• _Task_
Set every line of the data down again exactly, and keep the pictures out.

• _Dataset excerpt_
========

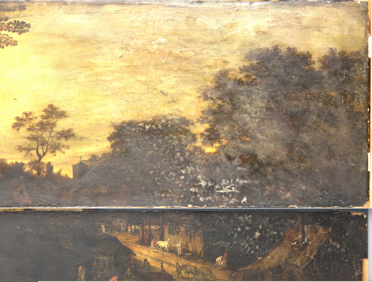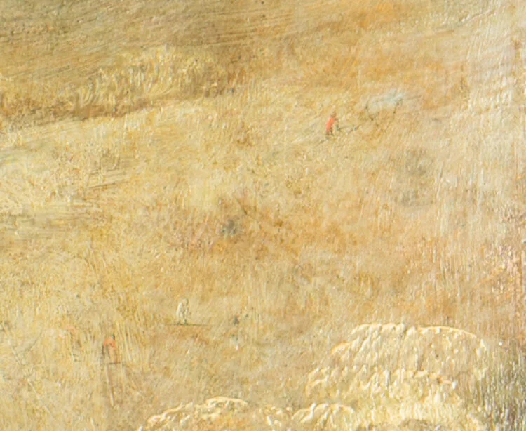 During the process of cleaning the painting and removing the added top canopy of trees, small figures were found in what we had previously thought to be the sky and which turned out to be a field on the hillside in the distant landscape (below).
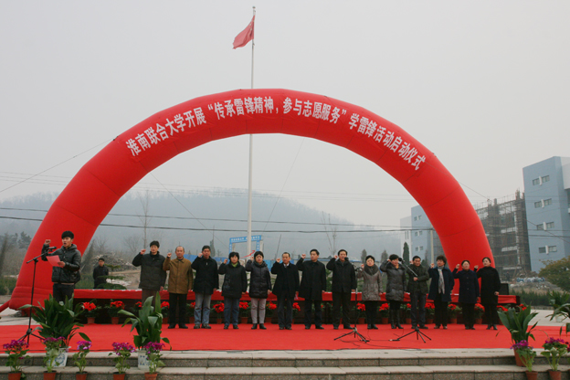 3月5日下午,淮南联合大学国旗广场,红旗招展,人声沸扬。全体师生聚集于此举行“传承雷锋精神,参与志愿服务”学雷锋活动月启动仪式。校党委书记万继军,校长赵耀军,副校长尚文,纪委书记白玫,党委委员、组织人事部部长白存良出席,启动仪式由党委副书记朱亚非主持。
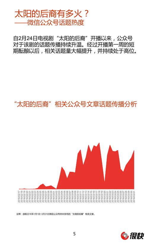 周播剧《太阳的后裔》自2016年2月24日开播以来,便开启霸屏模式,欧巴吸睛,CP给力,无论是百度搜索指数,还是微博话题讨论量,火热程度居高不下,成为娱乐焦点。【很快】大数据平台发布《“太阳的后裔”微信公众号数据洞察报告》,从微信大数据层面深挖《太阳的后裔》舆论热点,剖析各微信公众号主体如何“借势营销”。

========

• _Response to this exercise_
 During the process of cleaning the painting and removing the added top canopy of trees, small figures were found in what we had previously thought to be the sky and which turned out to be a field on the hillside in the distant landscape (below).
 3月5日下午,淮南联合大学国旗广场,红旗招展,人声沸扬。全体师生聚集于此举行“传承雷锋精神,参与志愿服务”学雷锋活动月启动仪式。校党委书记万继军,校长赵耀军,副校长尚文,纪委书记白玫,党委委员、组织人事部部长白存良出席,启动仪式由党委副书记朱亚非主持。
 周播剧《太阳的后裔》自2016年2月24日开播以来,便开启霸屏模式,欧巴吸睛,CP给力,无论是百度搜索指数,还是微博话题讨论量,火热程度居高不下,成为娱乐焦点。【很快】大数据平台发布《“太阳的后裔”微信公众号数据洞察报告》,从微信大数据层面深挖《太阳的后裔》舆论热点,剖析各微信公众号主体如何“借势营销”。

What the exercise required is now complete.